=== Section Start ===

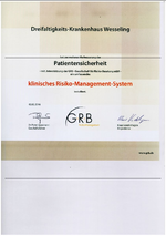 Das Dreifaltigkeits-Krankenhaus Wesseling hat zur Verbesserung der Patientensicherheit mit Unterstützung der GRB - Gesellschaft für Risiko-Beratung mbH - ein umfassendes klinisches Risiko - Management-System installiert.
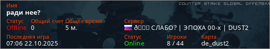 Играет на Counter Strike Global Offensive сервере. Страна: РоссияПервый раз замечен 07:01 22.10.2025
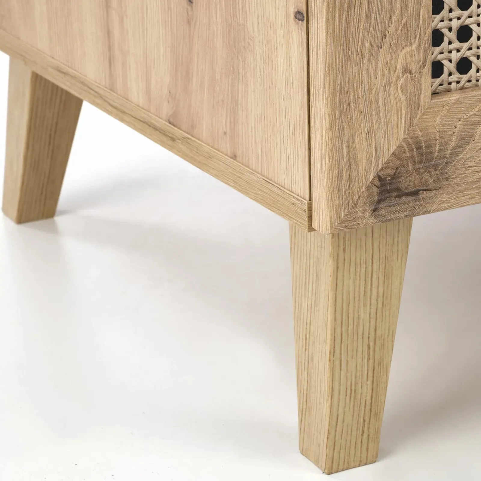 Pratico e dallo stile ricercato, l’armadio soggiorno Sombra arricchisce la collezione con un elemento contenitivo verticale, perfetto per mantenere l’ordine con eleganza. Realizzato con finitura rovere e nero, si adatta ad ambienti boho, scandinavi o moderni, portando calore e raffinatezza in soggiorno o in spazi multifunzionali.
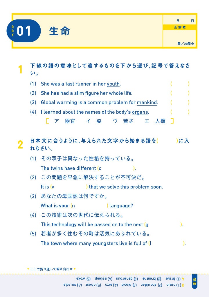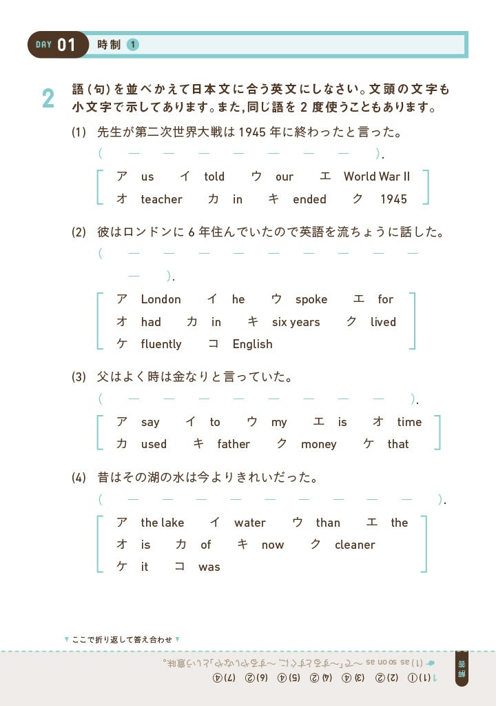 問題ページの下を折り返せば、すぐに答え合わせができます。
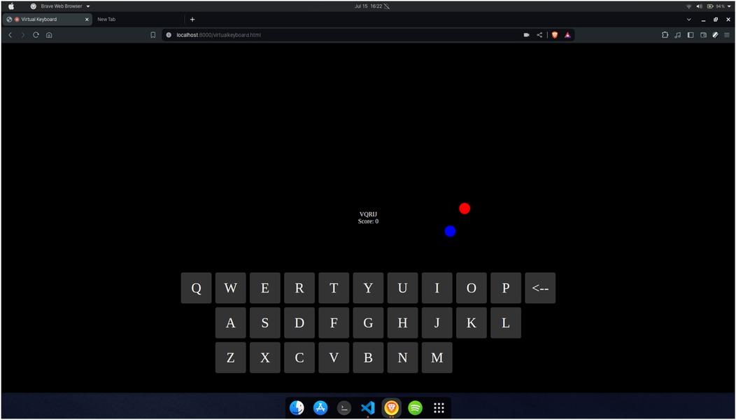 The Virtual Keyboard game, as shown in Figure 9, is one of the games that can be selected as one of the games to be played on the home page after the authentication. This game is meant to exercise hand-eye coordination and mental agility. For this game, only one hand is tracked. The red and blue dots (Figure 9) are meant to denote the location of the index finger and the thumb, respectively. Every six seconds, a new random 5-letter word is generated, and the player must type the word at that time before the next word appears. The typing is accomplished by bringing the index finger and the thumb together like a pinch on top of the desired letter. Therefore, the player must maintain hand-eye coordination and be fast due to the time constraints.
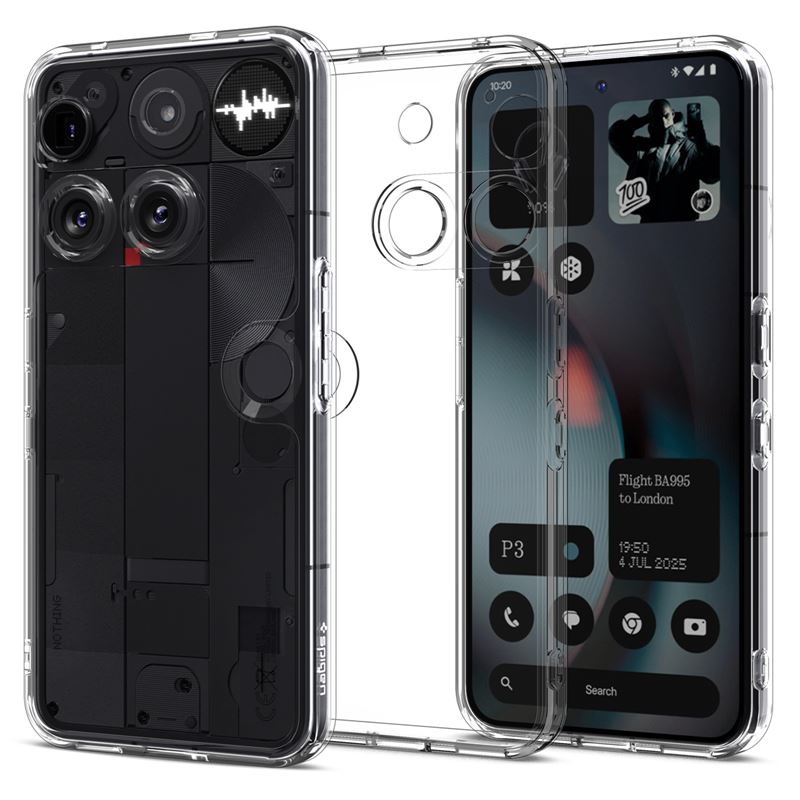 Minimalistický kryt Spigen Ultra Hybrid pro Nothing Phone (3) zachovává původní vzhled telefonu a zároveň mu poskytuje robustní ochranu. Kombinace polykarbonátových zad a TPU rámečku vytváří odolný celek, který bezpečně obepíná tělo přístroje bez zbytečného zvětšování jeho rozměrů.
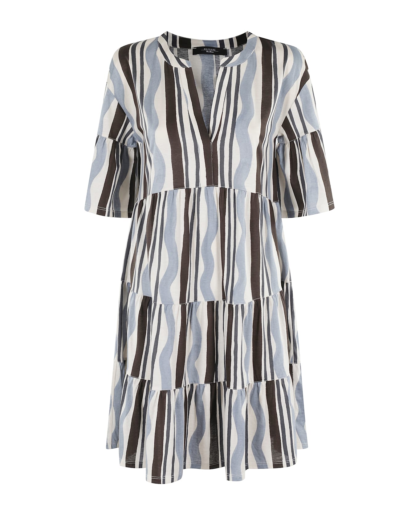 Ely dress - Weekend Max Mara - Multi light blue color - Striped patterned jersey fabric - V-neck - Short sleeve with dropped shoulder and ruffles - Flounced skirt - Loose fit
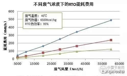 下圖是風(fēng)量、濃度不同時(shí)的RTO能耗費(fèi)用估算值。
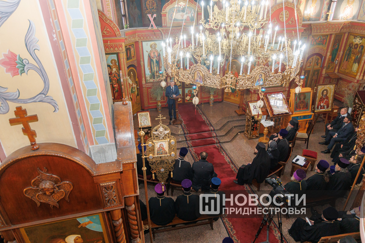 24 Dec., 2024, 14:55The Diocesan Assembly was held in the Nativity of Christ Cathedral in the capital. The purpose of the event was to sum up the results of the year. The participants were clergy from all over the republic, headed by Archbishop of Tiraspol and Dubossary Sawa. The PMR President Vadim Krasnoselsky was among the invited guests.

=== Section End ===

Task prompt: Word for word, restate each line above, minus its pictures.

Answer to this exercise:
 Das Dreifaltigkeits-Krankenhaus Wesseling hat zur Verbesserung der Patientensicherheit mit Unterstützung der GRB - Gesellschaft für Risiko-Beratung mbH - ein umfassendes klinisches Risiko - Management-System installiert.
 Играет на Counter Strike Global Offensive сервере. Страна: РоссияПервый раз замечен 07:01 22.10.2025
 Pratico e dallo stile ricercato, l’armadio soggiorno Sombra arricchisce la collezione con un elemento contenitivo verticale, perfetto per mantenere l’ordine con eleganza. Realizzato con finitura rovere e nero, si adatta ad ambienti boho, scandinavi o moderni, portando calore e raffinatezza in soggiorno o in spazi multifunzionali.
 問題ページの下を折り返せば、すぐに答え合わせができます。
 The Virtual Keyboard game, as shown in Figure 9, is one of the games that can be selected as one of the games to be played on the home page after the authentication. This game is meant to exercise hand-eye coordination and mental agility. For this game, only one hand is tracked. The red and blue dots (Figure 9) are meant to denote the location of the index finger and the thumb, respectively. Every six seconds, a new random 5-letter word is generated, and the player must type the word at that time before the next word appears. The typing is accomplished by bringing the index finger and the thumb together like a pinch on top of the desired letter. Therefore, the player must maintain hand-eye coordination and be fast due to the time constraints.
 Minimalistický kryt Spigen Ultra Hybrid pro Nothing Phone (3) zachovává původní vzhled telefonu a zároveň mu poskytuje robustní ochranu. Kombinace polykarbonátových zad a TPU rámečku vytváří odolný celek, který bezpečně obepíná tělo přístroje bez zbytečného zvětšování jeho rozměrů.
 Ely dress - Weekend Max Mara - Multi light blue color - Striped patterned jersey fabric - V-neck - Short sleeve with dropped shoulder and ruffles - Flounced skirt - Loose fit
 下圖是風(fēng)量、濃度不同時(shí)的RTO能耗費(fèi)用估算值。
 24 Dec., 2024, 14:55The Diocesan Assembly was held in the Nativity of Christ Cathedral in the capital. The purpose of the event was to sum up the results of the year. The participants were clergy from all over the republic, headed by Archbishop of Tiraspol and Dubossary Sawa. The PMR President Vadim Krasnoselsky was among the invited guests.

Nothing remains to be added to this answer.